Going through changes

It is the simplest things, the ones others might see as insignificant, that I shall miss the most.

I will miss sitting in our living room with my wife, watching Whose Line Is It Anyway.

I will miss long car trips, driving along with her hand resting lightly in mine, reminding me that she’s there and we’re together.

I miss the phone calls during the day, not the usual ones about mundane things but the ones when she called just because she was thinking of me.

I will miss the feeling of coming to bed very late at night, trying to be quiet as I tiptoe through the dark room, and slipping in beside her, feeling her warmth and knowing that even though she’s not noticed me, that she’s there beside me.

I will miss having coffee together.

I will miss those quiet mornings when Tony, our big tomcat, would sneak into the bedroom and climb up between us in bed, and then purr and cuddle up as though he were the happiest cat that ever lived, because he loved being near both of us.

I will miss grocery shopping together.

I will miss singing to her.  In the last few weeks, she had complained that I never sang to her anymore, and she’s right, I hadn’t felt very musical for a long time.  The night that my life changed, the night it all ended, the irony is that I had been in my office until about 2 AM, with a makeshift recording rig connected to my Macintosh, recording two songs that were meant to be a late anniversary present.  I burned them to a CD, went home, and found no one there.  I woke the next morning and she was still gone … that was the last night I spent in our home.  It was that weekend that we parted.

How does anyone ever get through this?  I can’t walk down the street, get in my car, sit at my desk, eat lunch, sleep, or even breathe without being reminded of her, the way she smelled, her smile, her eyes, her touch, her voice.  I saw something in the window of a shop last night, thught, “Yvette would like that…” and then had to duck into the nearest rest room as I fell completely to pieces.  Today I had to fill out paperwork for a new insurance plan at work and just writing her name was enough to make me crumble.

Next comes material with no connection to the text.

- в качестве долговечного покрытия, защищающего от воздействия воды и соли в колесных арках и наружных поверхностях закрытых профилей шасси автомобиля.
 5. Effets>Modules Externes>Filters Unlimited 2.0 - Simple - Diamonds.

We both did things to drive each other away.  I don’t think either of us is any more to blame than the other … what she did was what she felt forced to do, and what I did is what I felt forced to do, and we gradually put up walls that shut each other out. 

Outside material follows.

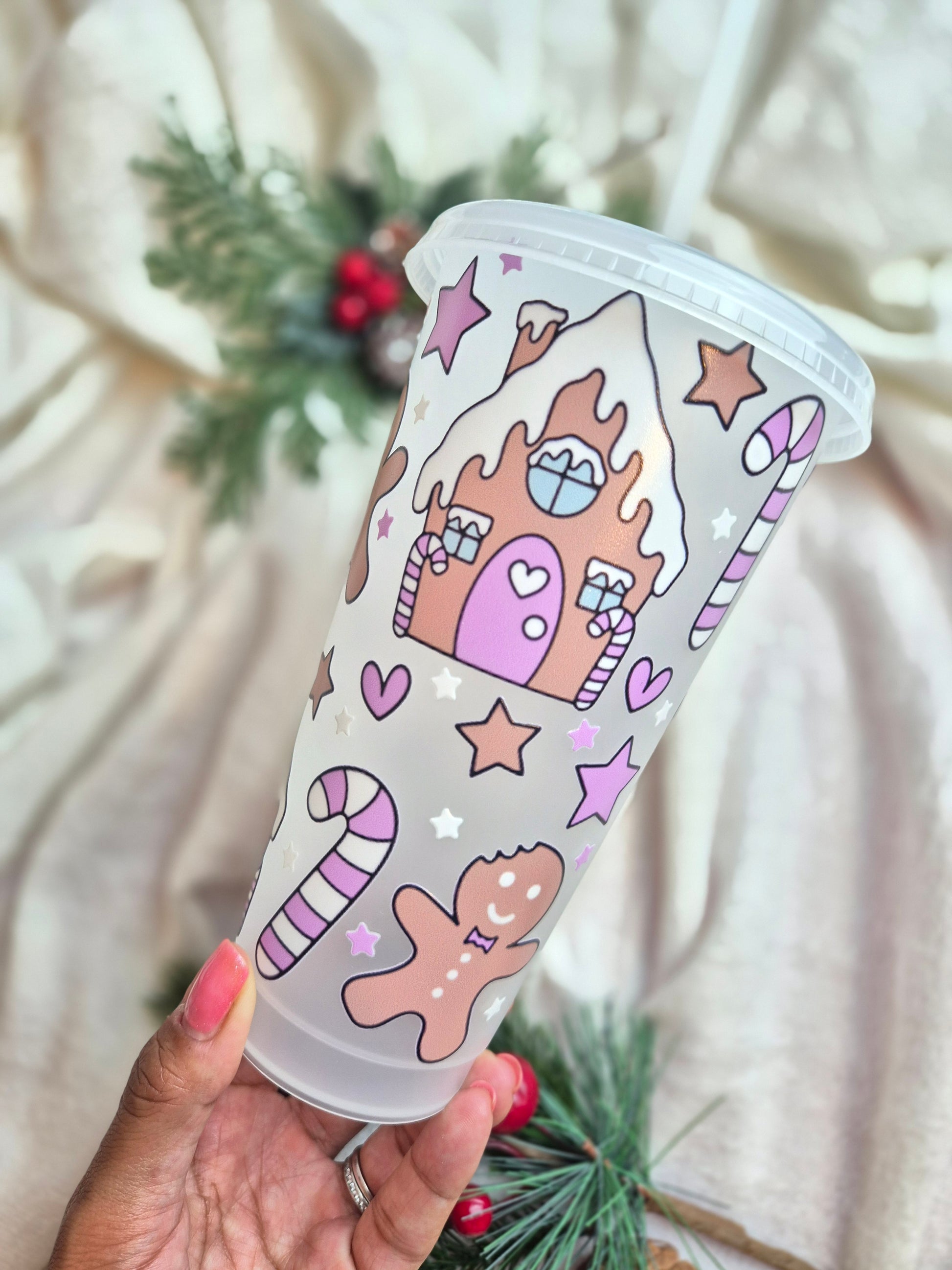 Embrace the holiday cheer with our Festive Gingerbread Cold Cup. This frosted cup is the perfect addition to your festive spirit, featuring a bright gingerbread design that is sure to bring a smile to your face. Stay cool while sipping on your favourite drinks in style! (Only available while supplies last!)

There was an old movie starring Natalie Wood called “Brainstorm”, about a machine that could record people’s thoughts and memories and experiences.  In it, the two lead characters are going through a divorce.  He puts on the helmet and records a tape of all his thoughts, and gives it to her, saying, “It’s me.”  She plays it, and instantly understands … understands everything … and they live happily ever after, eventually.

If only she could somehow see into my thoughts!  Words don’t work … every time we talk, the question is, “Well, if you love me as much as you say you do, then how could you <do one of a dozen things I’ve done that created distance between us>?”.  The answer is inevitably, “I felt pushed away because you did <one of a dozen things she did that created distance between us>.”  The problem is that none of those things was meant to distance us, they just … resulted, just as the ones she did resulted from mine.  In the end we were so far apart that we didn’t even remotely understand each other’s needs.  She says she opened up to me … I think I tried too … but here we are, and apparently we both failed to do enough.  If we could have somehow seen what each other needed, if we could somehow have experienced each other’s feelings, in a way that words and arguments and discussions can’t hope to provide, it might have resolved everything.

If we could see into each other’s minds and hearts, I’d be calling her right now to discuss dinner and tell her how much I love her, instead of sitting here at my desk wishing I could stop weeping.

My close and perhaps oldest friend, Kirk, who lives in Boston and has studied Psychology, feels I should stop sharing feelings like this publicly, that I should keep my verbal catharses private.  My friend Omally recommends continuing to share, calling it “Blog therapy”.  I’m not sure what to think, so if anyone has further advice I’m listening.

1 Comment


  1. Scott,

    Learned of the split when I was in Florida. (My mom, 94, died there Dec. 1.) You already know that work and companionship are essential for recovery. A more beneficial support group would also help, one less structured than that 12-step. An alternative weekly in Atlanta will have a list of support groups. C-ville has close to 100. Atlanta should have 5 times as many. Males in Divorce or a similar category. Call me if I can help.